The Structural-Functional Paradigm The structural-functional paradigm is a framework for building theory that sees society as a complex system whose parts work together to promote solidarity and stability. The two basic components of this paradigm are social structure, or a relatively stable pattern of social behavior, and social function, which refers to consequences of a social pattern for the operation of society. Early sociologists using this perspective included Auguste Comte, Herbert Spencer, and Emile Durkheim.

As sociology developed in the United States during the twentieth century, Robert Merton further applied and developed the thinking of these early social scientists. Merton differentiated between manifest functions, or consequences of social structure both recognized and intended, and latent functions, which are unrecognized and unintended consequences of social structure. There may be undesirable effects on the operation of society, or social dysfunctions.

In critically evaluating this paradigm, it is pointed out that it is a conservative approach to the study of society which tends to ignore tension and conflict in social systems.

The Social-Conflict Paradigm The social-conflict paradigm is a framework for building theory that sees society as an arena of inequality that generates conflict and social change. Social differences, rather than social integration, are the focus using this paradigm.
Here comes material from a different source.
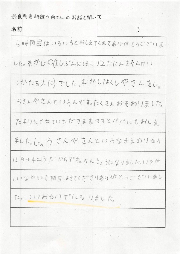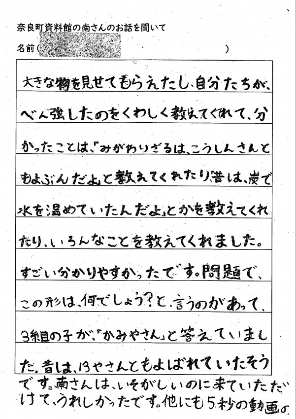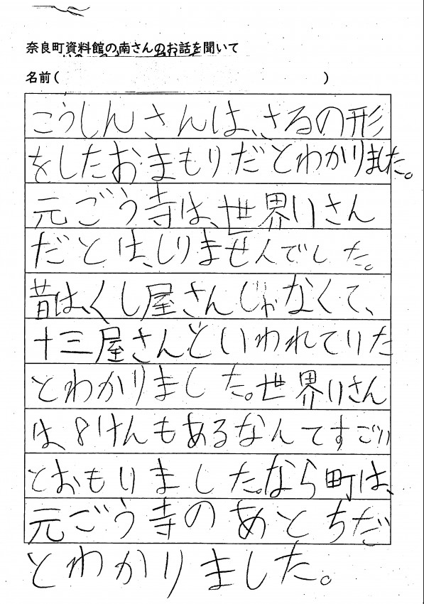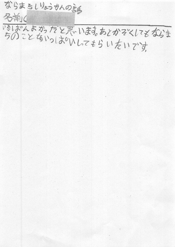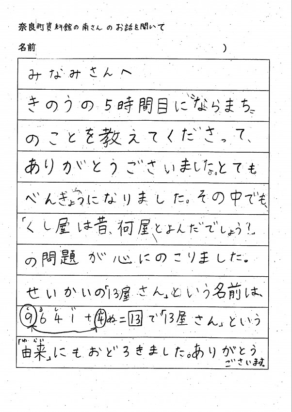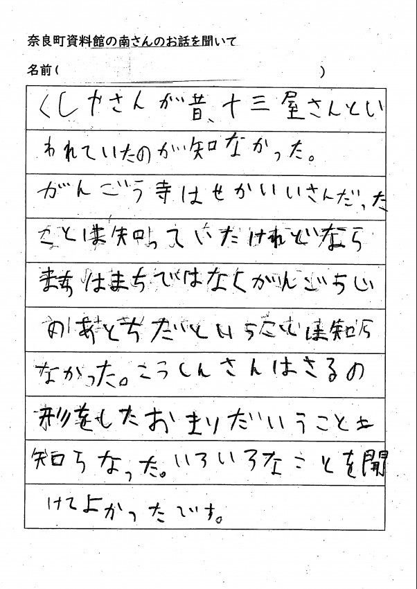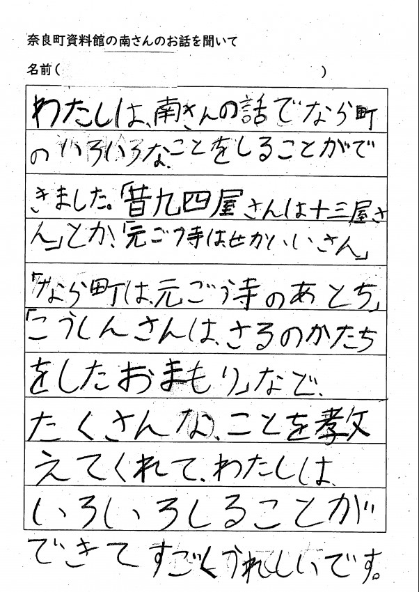 家へ帰ってお父さんお母さんへ沢山、ならまちのお話をしてくれたみたいです。

Educational achievement is discussed to illustrate the unequal distribution of power and privilege.

Critical evaluation of this paradigm raises concern that social unity is ignored, and that in focusing on change, objectivity may be lost.

The Symbolic-Interaction Paradigm The structural-functional and social-conflict paradigms focus on a macro-level orientation, meaning focus on broad social structures that shape society as a whole. An alternative approach is to take a micro-level orientation, meaning a focus on social interaction in specific situations. The symbolic-interaction paradigm is a framework for building theory that sees society as the product of the everyday interactions of individuals. People are seen as interacting in terms of shared symbols and meanings. This paradigm was greatly influenced by the work of Max Weber, a German sociologist of the late nineteenth and early twentieth centuries. In the United States, during the twentieth century, the work of George Herbert Mead, Erving Goffman (dramaturgical analysis), and George Homans and Peter Blau (social-exchange analysis) was instrumental in the development of this paradigm.

In critically analyzing this view it must be stressed that the focus is on how individuals personally experience society. This approach does not allow us to generalize findings to establish broad general patterns.

Each of the three paradigms provides a unique perspective for helping to develop our understanding of society.

Sports: Three Theoretical Paradigms in Action
The Functions of Sports
The structural-functional paradigm reveals many functional consequences that sports provide for society. For example, sports provide recreation and jobs. They encourage competition and the pursuit of success.

Sports and Conflict The social-conflict paradigm provides an analysis of sports focusing on the social inequalities within sports at all levels of competition. Gender, racial, and social class inequalities are addressed and illustrated.

Sports as Interaction The symbolic-interaction paradigm views sports as an ongoing process and not merely as some "system." The individual perceptions of specific participants concerning the reality as each experiences it becomes the focus.

The sociological perspective is enriched by the controversy and debate brought about through the application in research of these different paradigms.